Teetering
by S.E. Zeller
I have no idea what I’m doing.
This is the thought that has run on a loop in my head since my mother got sick six months ago, and I suddenly became responsible for her wellbeing. It feels eerily similar to how I felt right after I had both of my kids, now 13 and 8 years old.
I remember looking at these beautiful perfect little humans, and thinking…who thought it was a good idea for me to be in charge of them? What do I know about this?

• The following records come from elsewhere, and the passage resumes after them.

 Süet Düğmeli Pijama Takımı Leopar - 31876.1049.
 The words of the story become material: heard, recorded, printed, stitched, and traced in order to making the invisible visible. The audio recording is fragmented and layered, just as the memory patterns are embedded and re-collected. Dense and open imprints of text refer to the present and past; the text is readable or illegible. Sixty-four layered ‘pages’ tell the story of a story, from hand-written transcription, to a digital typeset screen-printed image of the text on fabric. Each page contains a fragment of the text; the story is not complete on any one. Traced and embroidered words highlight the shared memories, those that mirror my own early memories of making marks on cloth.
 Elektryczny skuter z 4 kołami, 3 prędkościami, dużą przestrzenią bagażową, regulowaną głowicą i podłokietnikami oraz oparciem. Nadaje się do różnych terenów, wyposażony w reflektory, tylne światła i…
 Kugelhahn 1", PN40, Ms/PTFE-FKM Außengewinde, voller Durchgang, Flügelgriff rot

Never mind that I had worked in education for 13 years by then, since before I graduated high school. Never mind the sociology of the family classes. Never mind the education classes. Never mind the years of working with other people’s children
I have no idea what I’m doing.
I was terrified I would mess it up catastrophically. That something would happen to them on my watch. That I would drop their squishy soft little selves. That I would sleep through their cries in the night, and they’d smother. That my milk wouldn’t be able to sustain them, and neither would formula. That I would not have enough energy reserves to help them. That I would get lost in the crush of it, who I am subsumed by their needs. Fear had me on constant high alert. Nervous at best, hyper-vigilant at worst.
But I got through it. I looked to the women who I had watched do it before successfully and emulated them. I looked to the Moms I admire, and paid attention. I learned to swaddle a baby, to figure out what made them comfortable, to create a routine. To feed them when they were hungry, put them to bed when they were tired, to make good choices for them, and to adopt all the responsibilities that come with motherhood. Willingly. And to willingly adopt the responsibility for myself. A little space for me, the needs I have to be the mom they need. To balance my needs with theirs.

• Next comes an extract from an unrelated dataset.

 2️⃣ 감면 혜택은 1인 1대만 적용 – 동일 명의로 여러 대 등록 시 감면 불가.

And they thrived. Most days they were healthy, happy babies. Most days they are the same as big kids.
They say nothing can really prepare you for the moment you become a mother. And you know what? It’s much the same with when you become responsible for your own parent.

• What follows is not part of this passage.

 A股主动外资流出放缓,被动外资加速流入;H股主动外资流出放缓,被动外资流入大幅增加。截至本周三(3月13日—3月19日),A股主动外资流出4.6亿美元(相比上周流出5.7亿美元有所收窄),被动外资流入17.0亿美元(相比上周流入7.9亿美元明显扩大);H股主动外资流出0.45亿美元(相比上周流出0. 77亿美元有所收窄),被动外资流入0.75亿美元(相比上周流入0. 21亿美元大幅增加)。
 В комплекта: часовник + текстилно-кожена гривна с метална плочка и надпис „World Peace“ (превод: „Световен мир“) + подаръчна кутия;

I have no idea what I’m doing.
When the doctors said, “This is what’s wrong with her,” but it was clear to us that it wasn’t even close to all that was wrong, I was scared. I didn’t know how to fix it, and somehow, I was responsible. Who thought it was a good idea for me to be in charge of her life? What could I possibly know about this?
Problems I didn’t know how to fix piled up. She was refused the right care from doctors within her (awful) HMO, and they refused to do the one test that I was sure would diagnose her. My family was incredibly stressed. My kids watched their once fun and loving grandma become someone else. I was sure that there was something that had to be done to help her, and I didn’t know what it was. I was scared my kids were going to be irrevocably scarred by the process, the pain of watching her fall apart. I was scared my family and I would fall to pieces under the strain. And I watched her care subsume my life, much like what happened when I didn’t know how to give myself the balance I needed when the kids were tiny.
But I didn’t give up. I did the same things I did for my kids, and eventually myself, when they were small. I trouble shot. I kept trying to get the right care. I got her out of her awful insurance, and finally got a diagnosis. I learned that she is not the same that she once was, and she never will be again. In truth, I won’t be either.
I have no idea what I’m doing.
And it’s okay. I’m learning that the best I can do is rely on the things I learned about balancing caring of myself and caring for my family when the kids were little. I’m taking the advice and modeling of those who’ve come before me. My Mom’s cousin’s wife, who has been taking care of her mother for years. My good friend whose father fell ill years before his passing and her family learned to live with his lingering terminal illness. My friend who came to know so much from caretaking for her father that she literally wrote the book on Dementia Home Care. I’m learning to make the best possible choices I can for my mom and adopting the responsibilities that come with caretaking someone who once cared for me 24/7. Willingly. And again, willingly balancing the responsibilities for my family and my own care at the same time.
Most of all, I’m learning that though I have no idea what I’m doing, it’s alright. None of us really do.
As mothers, and daughters, we’re here to learn from each other. And I know that is the absolute best we can do.